TV5 was a Latvian television channel, created in June 1996. All programs were broadcast in Russian. The channel showed Russian serials, movies, news and hockey broadcast out of Arēna Rīga. Until October 2001 the name was TV Riga. TV5 was owned by Modern Times Group. Financial reasons forced TV5 to cease broadcast in March 2016.

== History ==
In June 1996, TV Riga started broadcasting. This channel broadcast took place in the Riga Radio and TV Tower. The broadcasting radius was 70 kilometers around Riga.
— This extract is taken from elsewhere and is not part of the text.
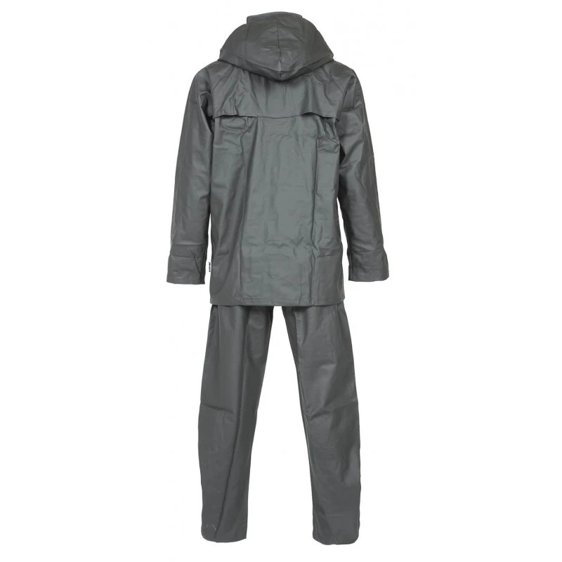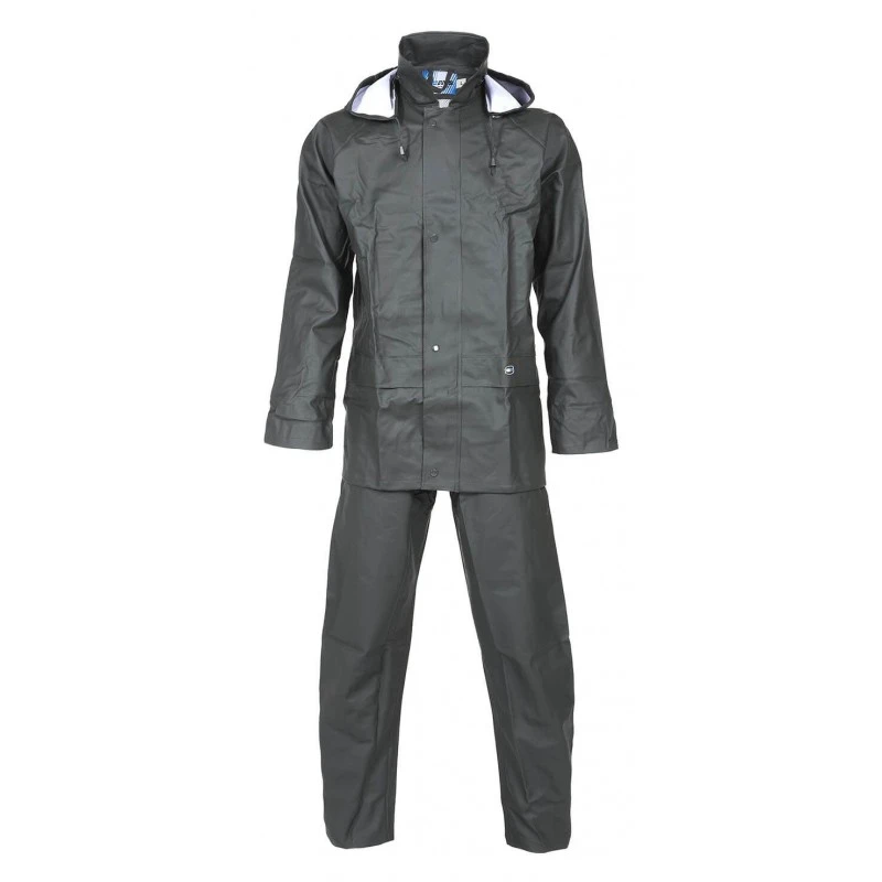 La veste de pluie : Capuche intégrée dans le col de la tenue de pluie Double rabat sur fermeture éclair Dos ventilé 2 poches devant Poignets élastiquées Le pantalon de pluie: Taille élastiquée pour plus de confort à votre pantalon de travail Pression de resserage à la cheville pour protéger vos bas de jambes de la pluie 2 poches passe mains Taille du S au 4XL Coloris : Vert Olive Composition : 50% PU 50% PVC intérieur 100% polyamide Tenue de pluie veste + pantalon Guppy de la collection vêtements de pluie de marque North Ways

In 1999, for a short period, the channel license was revoked because the National Radio and Television Council complained about channel activity, but in order to obtain the permission to broadcast the channel in March 2001, it resumed its activities.

On 1 October 2001 TV Riga changed its name and began to broadcast as TV5. Initially, TV Riga broadcast in Latvian and Russian, but with the renaming the Latvian ceased.

TV5 reached 80% of the Latvian territory. It was one of the Latvian television channels whose programming was done completely in Russian. Recorded programs were subtitled in Latvian, but live programming in Russian was not translated. This channel was also available on cable television and internet.

In March 2010, together with TV5, LNT acquired the Latvian company "Independent national media".

On 14 December 2010 at 14.00 the signal of TV5 via Astra 4A satellite, served by SES Astra, was paused. SES Astra explained it with the channel debts, but the channel management avoided giving any explanations.

On 9 January 2012, the channels TV5, LNT and Kanāls 2 became the owner of the Swedish media company Modern Times Group.

TV5 had extended periods of time working at a significant loss and to reduce LNT's losses, it was decided that TV5 was to be terminated for financial reasons on 31 March 2016.